| The data |
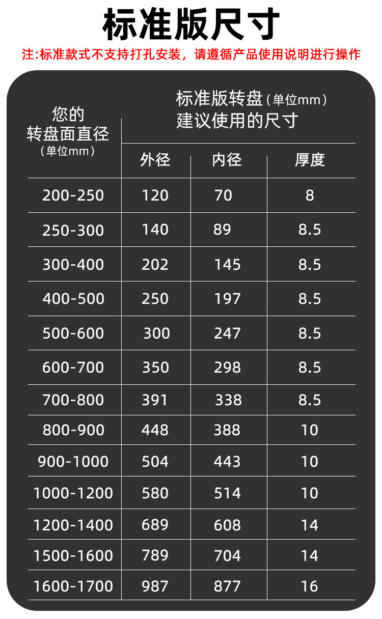 | Color Classification | Share the Video and Contact Customer Service to Return 5m,If You Have a Wooden Table at Home, Please Select the "Wooden Table Specific" Option at the Bottom.,Upgraded Smooth Version 120mm [Applicable to 200-250 Turns],Upgraded Smooth Version 140mm [Applicable to 250-300 Turns],Upgraded Smooth Version 200mm [Applicable to 300-400 Turns],Upgraded Smooth Version 250mm [Applicable to 400-500 Turns],Upgraded Smooth Version 300mm [Applicable to 500-600 Turns],Upgraded Smooth Version 350mm [Applicable to 600-700 Turns],Upgraded Smooth Version 390mm [Applicable to 700-800 Turns],Upgraded Smooth Version 450mm [Applicable to 800-900 Turns],Upgraded Smooth Version 490mm [Applicable to 900-1000 Turns],Upgraded Smooth Version 580mm [Applicable to 1000-1200 Turns],Upgraded Smooth Version 680mm [Applicable to 1200-1400 Turns],Upgraded Smooth Version 800mm [Applicable to 1500-1600-Turn Surface],Upgraded Smooth Model 990mm [Applicable to 1600-1700 Rpm],---The Following Is the Thickened Sound-Absorbing Model---,Upgraded Thickened Silencer Model 200mm [Applicable to 300-400 Turns] Can Be Screwed in if Misaligned,Upgraded Thickened Silencer Model 250mm [Applicable to 400-500 Turns] Can Be Screwed in if Misaligned,Upgraded Thickened Silencer Model 300mm [Applicable to 500-600 Turns] Can Be Screwed in if Misaligned,Upgraded Thickened Silencer Model 350mm [Applicable to 600-700 Turns] Can Be Screwed in if Misaligned,Upgraded Thickened Silencer Model 400mm [Applicable to 700-800 Turns] Can Be Screwed in if Misaligned,Upgraded Thickened Silencer Model 450mm [Applicable to 800-900 Turns] Can Be Screwed in if Misaligned,Upgraded Thickened Silencer Model 500mm [Applicable to 900-1000 Turns] Can Be Screwed in if Misaligned,Upgraded Thickened Silencer Model 600mm [Applicable to 1000-1200 Turns] Screws Can Be Installed in Misalignment,Upgraded Thickened Silencer Model 680mm [Applicable to 1200-1400 Turns] Can Be Screwed in if Misaligned,Upgraded Thickened Silencer Model 800mm [Applicable to 1500-1600-Turn Surface] Screws Can Be Installed if Misaligned,Upgraded Thickened Silencer Model 990mm [Applicable to 1600-1700 Turns] Screws Can Be Installed if Misaligned,---The Following Is the Wooden Table Model---,30cm for Wooden Round Table [Applicable to 50-60cm Turning Surface] [Installation Accessories Included] Cold-Rolled Steel,Special 40cm for Wooden Round Table, Suitable for 70-80cm Turning Surface] [Installation Accessories Included] Cold-Rolled Steel,50cm for Wooden Round Table [Applicable to 100-110cm Turning Surface] [Installation Accessories Included] Cold-Rolled Steel,60cm for Wooden Round Table [Applicable to 110-120cm Rotation] [Installation Accessories Included] Cold-Rolled Steel,70cm for Wooden Round Table [Applicable to 120-140cm Turning Surface] [Installation Accessories Included] Cold-Rolled Steel,80cm for Wooden Round Table [Applicable to 140-160cm Rotation Surface] [Installation Accessories Included] Cold-Rolled Steel,[Extended Anti-Slip Pad] Special Model for Wooden Tables 90cm [Applicable to 160-180cm Turning Surface] [Free Installation Accessories] Cold-Rolled Steel,[Extended Anti-Slip Pad] Special Model for Wooden Tables 100cm [Applicable to 180-200cm Turning Surface] [Installation Accessories Included] Cold-Rolled Steel |
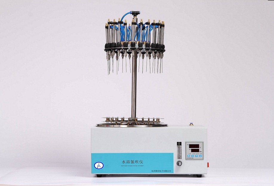 氮吹仪将氮气快速、连续、可控地吹到加热样品表面,实现大量样品的快速浓缩。通过将氮气吹入样品,加强周围的空气流动和升高温度可以使样品中的溶剂快速蒸发。氮气是一种惰性气体,能起到隔绝空气的作用,防止氧化。氮吹仪利用氮气的快速流动打破液体上空的气液平衡,从而使液体挥发速度加快;并通过干式加热或水浴加热方式升高温度(目标物的沸点一般比溶剂的要高一些),从而达到样品无氧浓缩的目的,保持样品更纯净。使用氮吹仪代替常用的旋转蒸发仪进行浓缩,能同时浓缩几十个样品,使样品制备时间大为缩短,并且具有省时,易操作,快捷的特点。
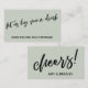 Die Besonderheit dieser Suite ist der moderne, handgeschriebene Skript-Schriftart, der für Akzente verwendet wird. In diesem Stück wurde der handgeschriebene Skript-Schriftart verwendet, um eine Grafik zu erstellen, die die Worte "lass uns ein Getränk zu kaufen", auf die Vorderseite gestellt, und "Beifall!" abbildet. auf der Rückseite.Verwenden Sie die Vorlagenfelder, um Ihre persönlichen Daten hinzuzufügen und dieses einzigartige, moderne Design zu Ihrem eigenen zu machen. Der grüne Hintergrund kann in eine beliebige Farbe geändert werden. Bitte kontaktieren Sie uns bei speziellen Anfragen oder bei der individuellen Betreuung. // 100 //
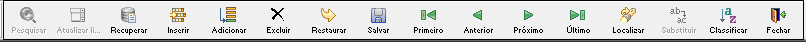 As interfaces do Sagres possuem uma série de funções disponíveis na Barra de Ferramentas das interfaces. Algumas destas funções também estão disponíveis através dos itens do menu Registro.
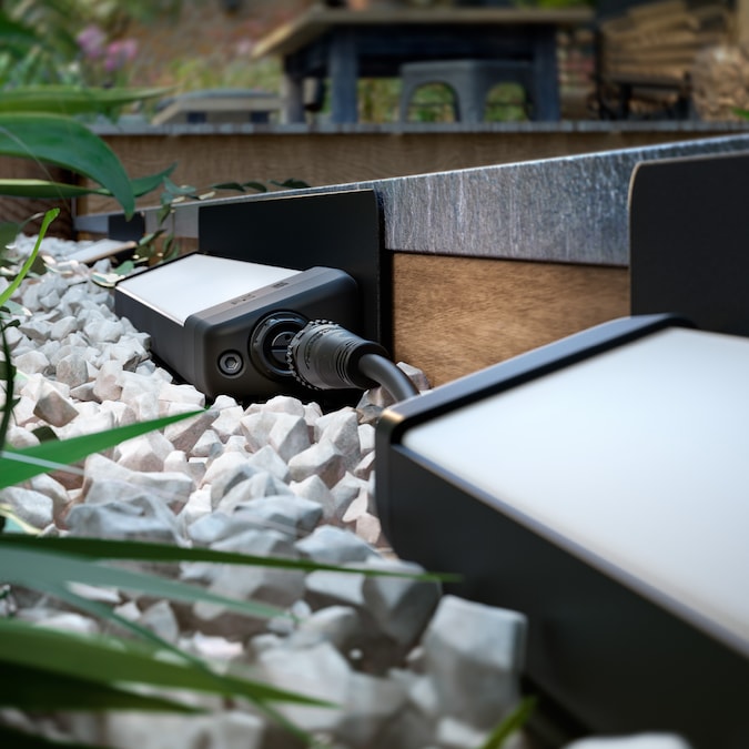 Illuminate your outdoor spaces, such as fences, walls, and hedges, with white and color light. Part of the LowVolt system, the Amarant linear wall wash light connects to a Philips Hue power supply unit and can even be connected to one another, creating a continuous wall of light.
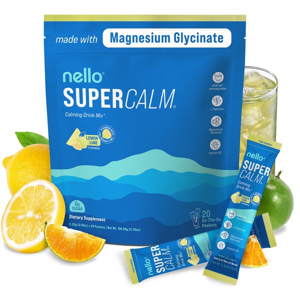 Nello Supercalm Powdered Drink Mix, Cortisol Reducer* and Sleep Aid Supplement, L Theanine, Ksm-66 Ashwagandha, Magnesium Glycinate, Vitamin D 3, No Sugar, Non GMO, On The Go, 20 Ct, Lemon Lime
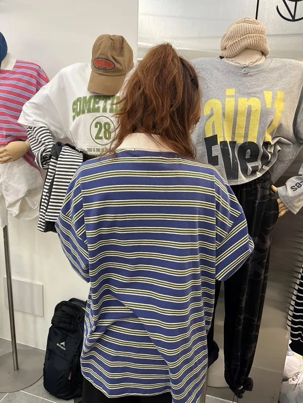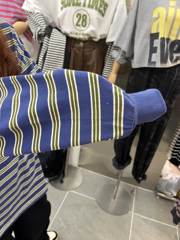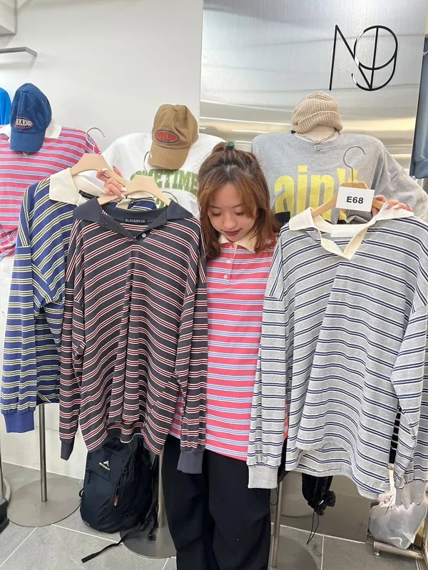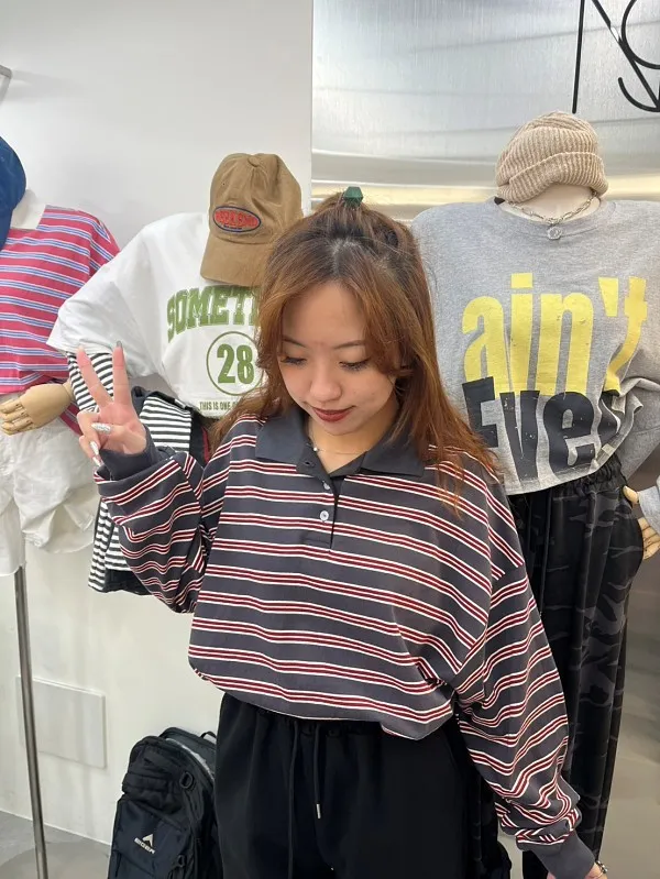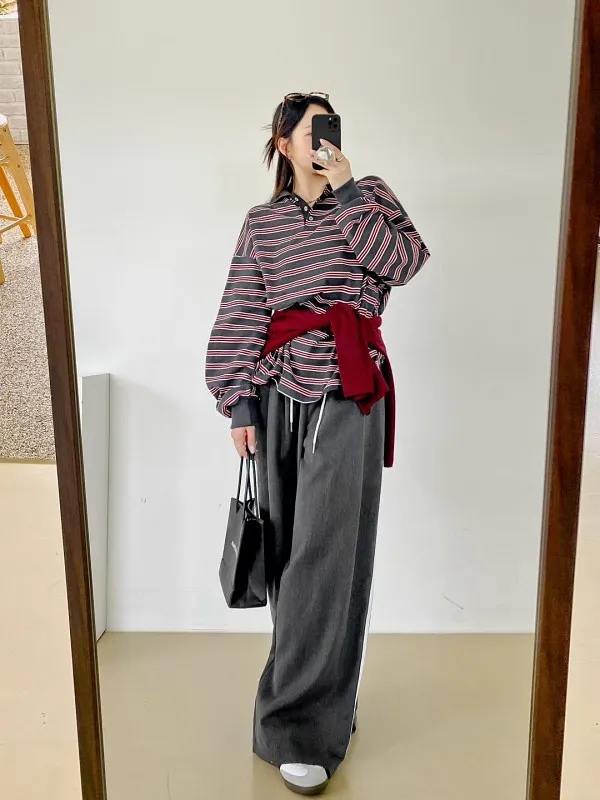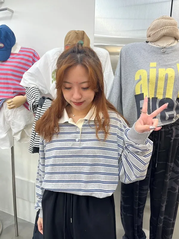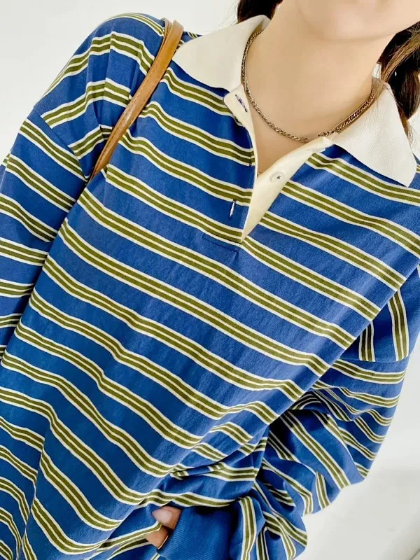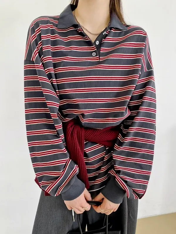 韓國 中性撞色領橫條寬鬆POLO衫_E68
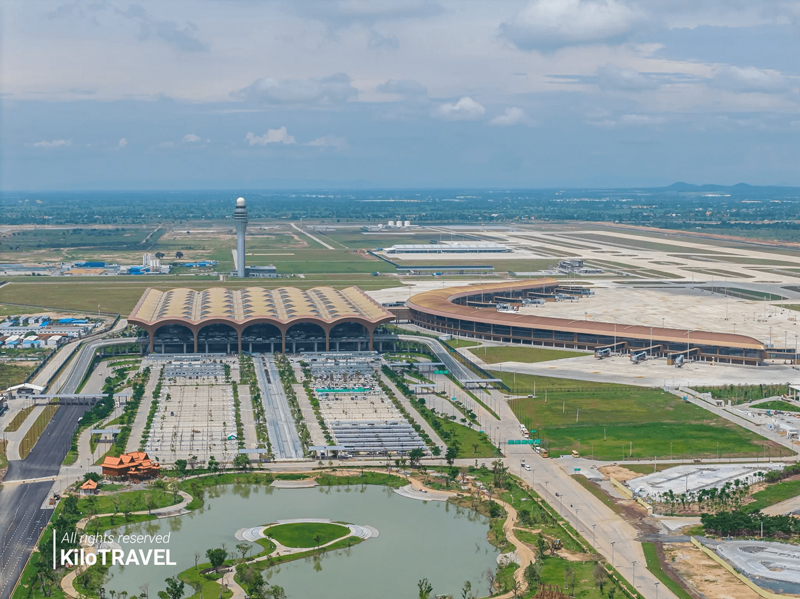 Được thiết kế bởi Foster + Partners, nhà ga sân bay kết hợp kiến trúc hiện đại với các biểu tượng văn hóa Campuchia. Sân bay còn nổi bật với các giải pháp bền vững như năng lượng mặt trời, hệ thống thu nước mưa, vườn thẳng đứng, không gian xanh trên mái và một khu vườn thực vật trung tâm, giúp giảm 20% mức tiêu thụ điện so với các sân bay thông thường. Cảnh quan với cây cọ, tượng Phật lớn và gần 200 tác phẩm điêu khắc mang đậm bản sắc Campuchia, tạo ấn tượng mạnh mẽ cho du khách.
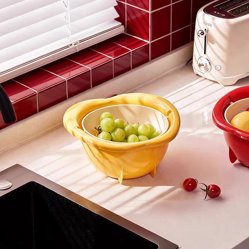 洗菜盆沥水篮家用客厅厨房双层旋转洗水果沥水篮滤水淘菜盆水果盘
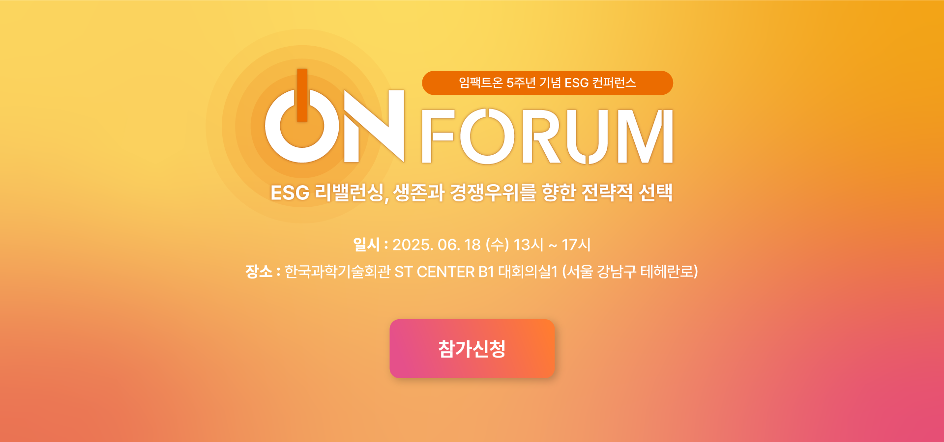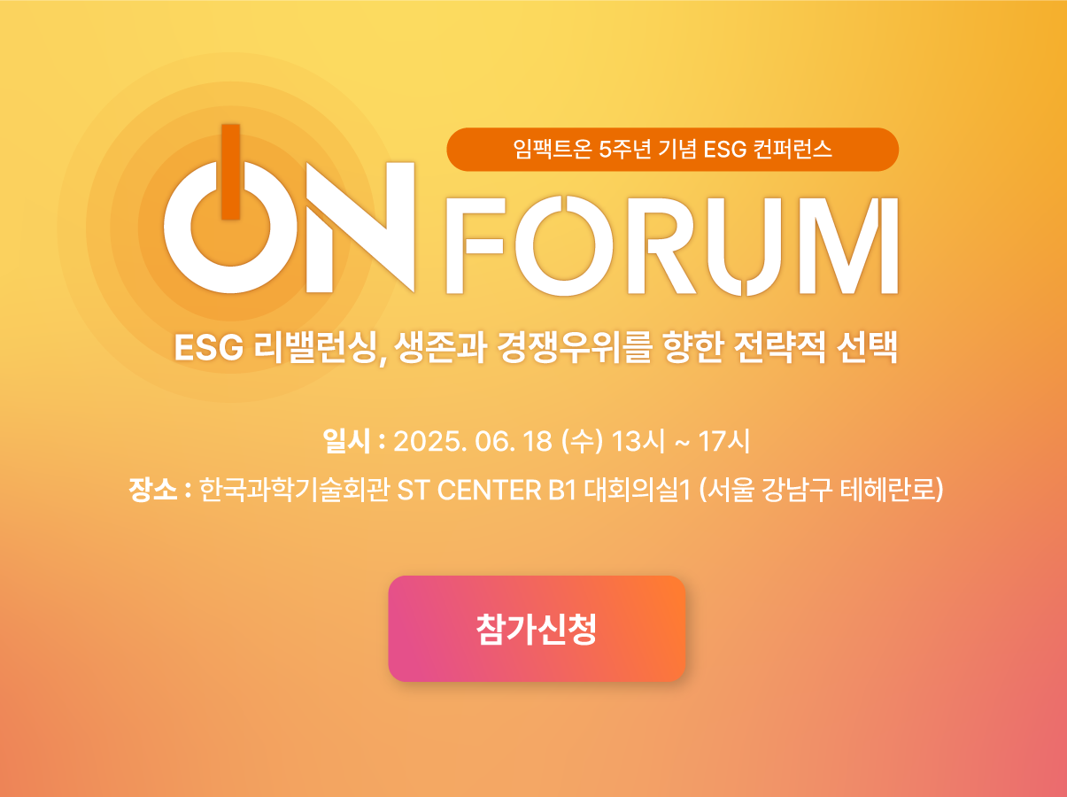 창간 5주년을 맞은 임팩트온은 『On Forum: ESG 리밸런싱, 생존과 경쟁우위를 향한 전략적 선택』을 통해, 기업들이 가치 중심의 ESG를 실천 가능한 전략으로 리셋할 수 있도록 구체적 방향성과 실천 사례를 제시합니다.

| Required work |
Only an exact copy of the records, free of images, belongs in the answer.

| Your solution |
 | Color Classification | Share the Video and Contact Customer Service to Return 5m,If You Have a Wooden Table at Home, Please Select the "Wooden Table Specific" Option at the Bottom.,Upgraded Smooth Version 120mm [Applicable to 200-250 Turns],Upgraded Smooth Version 140mm [Applicable to 250-300 Turns],Upgraded Smooth Version 200mm [Applicable to 300-400 Turns],Upgraded Smooth Version 250mm [Applicable to 400-500 Turns],Upgraded Smooth Version 300mm [Applicable to 500-600 Turns],Upgraded Smooth Version 350mm [Applicable to 600-700 Turns],Upgraded Smooth Version 390mm [Applicable to 700-800 Turns],Upgraded Smooth Version 450mm [Applicable to 800-900 Turns],Upgraded Smooth Version 490mm [Applicable to 900-1000 Turns],Upgraded Smooth Version 580mm [Applicable to 1000-1200 Turns],Upgraded Smooth Version 680mm [Applicable to 1200-1400 Turns],Upgraded Smooth Version 800mm [Applicable to 1500-1600-Turn Surface],Upgraded Smooth Model 990mm [Applicable to 1600-1700 Rpm],---The Following Is the Thickened Sound-Absorbing Model---,Upgraded Thickened Silencer Model 200mm [Applicable to 300-400 Turns] Can Be Screwed in if Misaligned,Upgraded Thickened Silencer Model 250mm [Applicable to 400-500 Turns] Can Be Screwed in if Misaligned,Upgraded Thickened Silencer Model 300mm [Applicable to 500-600 Turns] Can Be Screwed in if Misaligned,Upgraded Thickened Silencer Model 350mm [Applicable to 600-700 Turns] Can Be Screwed in if Misaligned,Upgraded Thickened Silencer Model 400mm [Applicable to 700-800 Turns] Can Be Screwed in if Misaligned,Upgraded Thickened Silencer Model 450mm [Applicable to 800-900 Turns] Can Be Screwed in if Misaligned,Upgraded Thickened Silencer Model 500mm [Applicable to 900-1000 Turns] Can Be Screwed in if Misaligned,Upgraded Thickened Silencer Model 600mm [Applicable to 1000-1200 Turns] Screws Can Be Installed in Misalignment,Upgraded Thickened Silencer Model 680mm [Applicable to 1200-1400 Turns] Can Be Screwed in if Misaligned,Upgraded Thickened Silencer Model 800mm [Applicable to 1500-1600-Turn Surface] Screws Can Be Installed if Misaligned,Upgraded Thickened Silencer Model 990mm [Applicable to 1600-1700 Turns] Screws Can Be Installed if Misaligned,---The Following Is the Wooden Table Model---,30cm for Wooden Round Table [Applicable to 50-60cm Turning Surface] [Installation Accessories Included] Cold-Rolled Steel,Special 40cm for Wooden Round Table, Suitable for 70-80cm Turning Surface] [Installation Accessories Included] Cold-Rolled Steel,50cm for Wooden Round Table [Applicable to 100-110cm Turning Surface] [Installation Accessories Included] Cold-Rolled Steel,60cm for Wooden Round Table [Applicable to 110-120cm Rotation] [Installation Accessories Included] Cold-Rolled Steel,70cm for Wooden Round Table [Applicable to 120-140cm Turning Surface] [Installation Accessories Included] Cold-Rolled Steel,80cm for Wooden Round Table [Applicable to 140-160cm Rotation Surface] [Installation Accessories Included] Cold-Rolled Steel,[Extended Anti-Slip Pad] Special Model for Wooden Tables 90cm [Applicable to 160-180cm Turning Surface] [Free Installation Accessories] Cold-Rolled Steel,[Extended Anti-Slip Pad] Special Model for Wooden Tables 100cm [Applicable to 180-200cm Turning Surface] [Installation Accessories Included] Cold-Rolled Steel |
 氮吹仪将氮气快速、连续、可控地吹到加热样品表面,实现大量样品的快速浓缩。通过将氮气吹入样品,加强周围的空气流动和升高温度可以使样品中的溶剂快速蒸发。氮气是一种惰性气体,能起到隔绝空气的作用,防止氧化。氮吹仪利用氮气的快速流动打破液体上空的气液平衡,从而使液体挥发速度加快;并通过干式加热或水浴加热方式升高温度(目标物的沸点一般比溶剂的要高一些),从而达到样品无氧浓缩的目的,保持样品更纯净。使用氮吹仪代替常用的旋转蒸发仪进行浓缩,能同时浓缩几十个样品,使样品制备时间大为缩短,并且具有省时,易操作,快捷的特点。
 Die Besonderheit dieser Suite ist der moderne, handgeschriebene Skript-Schriftart, der für Akzente verwendet wird. In diesem Stück wurde der handgeschriebene Skript-Schriftart verwendet, um eine Grafik zu erstellen, die die Worte "lass uns ein Getränk zu kaufen", auf die Vorderseite gestellt, und "Beifall!" abbildet. auf der Rückseite.Verwenden Sie die Vorlagenfelder, um Ihre persönlichen Daten hinzuzufügen und dieses einzigartige, moderne Design zu Ihrem eigenen zu machen. Der grüne Hintergrund kann in eine beliebige Farbe geändert werden. Bitte kontaktieren Sie uns bei speziellen Anfragen oder bei der individuellen Betreuung. // 100 //
 As interfaces do Sagres possuem uma série de funções disponíveis na Barra de Ferramentas das interfaces. Algumas destas funções também estão disponíveis através dos itens do menu Registro.
 Illuminate your outdoor spaces, such as fences, walls, and hedges, with white and color light. Part of the LowVolt system, the Amarant linear wall wash light connects to a Philips Hue power supply unit and can even be connected to one another, creating a continuous wall of light.
 Nello Supercalm Powdered Drink Mix, Cortisol Reducer* and Sleep Aid Supplement, L Theanine, Ksm-66 Ashwagandha, Magnesium Glycinate, Vitamin D 3, No Sugar, Non GMO, On The Go, 20 Ct, Lemon Lime
 韓國 中性撞色領橫條寬鬆POLO衫_E68
 Được thiết kế bởi Foster + Partners, nhà ga sân bay kết hợp kiến trúc hiện đại với các biểu tượng văn hóa Campuchia. Sân bay còn nổi bật với các giải pháp bền vững như năng lượng mặt trời, hệ thống thu nước mưa, vườn thẳng đứng, không gian xanh trên mái và một khu vườn thực vật trung tâm, giúp giảm 20% mức tiêu thụ điện so với các sân bay thông thường. Cảnh quan với cây cọ, tượng Phật lớn và gần 200 tác phẩm điêu khắc mang đậm bản sắc Campuchia, tạo ấn tượng mạnh mẽ cho du khách.
 洗菜盆沥水篮家用客厅厨房双层旋转洗水果沥水篮滤水淘菜盆水果盘
 창간 5주년을 맞은 임팩트온은 『On Forum: ESG 리밸런싱, 생존과 경쟁우위를 향한 전략적 선택』을 통해, 기업들이 가치 중심의 ESG를 실천 가능한 전략으로 리셋할 수 있도록 구체적 방향성과 실천 사례를 제시합니다.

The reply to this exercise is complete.